The Risk of Developing Other Cancers
Long-term treatment with cyclophosphamide significantly increases the risk of developing secondary cancers. Some secondary cancers that have been reported include leukemia, lymphoma, sarcoma, thyroid cancer, myelodysplasia, and urinary tract caner. Preventing and treating bladder infections can help prevent secondary bladder cancer. Developing a secondary cancer is less of a concern for mesothelioma patients because risk is balanced by the benefit.
Cyclophosphamide Chemotherapy Combinations for Pleural Mesothelioma
While Cytoxan is not FDA approved for for treating mesothelioma, it has been used during clinical trials to determine safety and effectiveness. Some results are promising. Others show poor results, however research is ongoing.
One study involved 47 patients with pleural mesothelioma given radiation therapy. Some patients were then given chemotherapy with a combination of cyclophosphamide and doxorubicin. Others in the trial only received radiation therapy. Results showed those patients receiving the combination of chemotherapy drugs saw reductions in tumor size. These patients had an average survival time of 13 months. The survival time of patients who did not receive the chemotherapy drugs was only six months.
In another study, patients were given a triple combination of chemotherapy drugs. This combination included cyclophosphamide, doxorubicin, and platinum-based drugs, like cisplatin or carboplatin. Unfortunately, this combination did not prove successful. The progression-free survival time, the time from treatment until the cancer began to spread again, was less than two months. This is compared to 12 months for mesothelioma patients treated with the platinum-based drugs and pemetrexed, another chemotherapy drug.

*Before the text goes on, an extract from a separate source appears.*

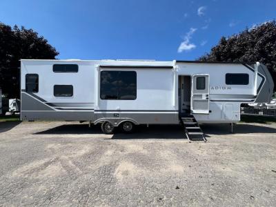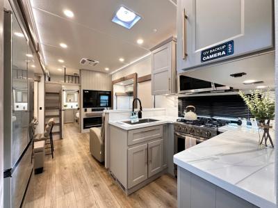Sleeps 8 Slides 4 Length 42 ft 6 in Ext Width 8 ft 5 in Ext Height 13 ft 6 in Exterior Color Standard Paint/Graphics. Optional Full-Body Paint; Gold, Black Hitch Weight 3179 lbs GVWR 18000 lbs Dry Weight 15278 lbs Fresh Water Capacity 98 gals Grey Water Capacity 159 gals Black Water Capacity 106 gals Tire Size 16" Furnace BTU 40000 btu Available Beds King, Queen Refrigerator Type 12 Volt Residential Refrigerator Size 19 cu ft Cooktop Burners 4 Shower Size 48" x 30" and 30" x 36" Number of Awnings 2 Axle Weight 7000 lbs LP Tank Capacity 60 lbs. Water Heater Capacity 12 gal Water Heater Type Gas/Electric AC BTU 40500 btu TV Info LR 50" Smart TV, BR Smart TVs Awning Info Friction-Hinge Adjustable Solera with Manual Override and LED Lights Washer/Dryer Available Yes Shower Type Standard Electrical Service 50 amp Similar Fifth Wheel Floorplans

Mixed results notwithstanding, there are currently several clinical trials ongoing, near completion, or recruiting participants, that are using cyclophosphamide to treat pleural mesothelioma. One trial is using the drug in combination with surgery and other drugs to reduce tumor size. Another trial is using it with an experimental immunotoxin drug called SS1P. Yet another trial is combining cyclophosphamide with vaccine therapies. Many of these studies are recruiting eligible mesothelioma patients. These trials lead the way in treatment, providing patients with access to experimental new treatments.
Cytoxan is an old chemotherapy drug but is finding new life in treating conditions like mesothelioma. Proven for decades to help treat certain cancers, now cyclophosphamide is being tested with the most difficult types of cancer, including mesothelioma. While there are serious concerns, risks, and side effects, there is also a potential with this drug, especially when combined with other treatments.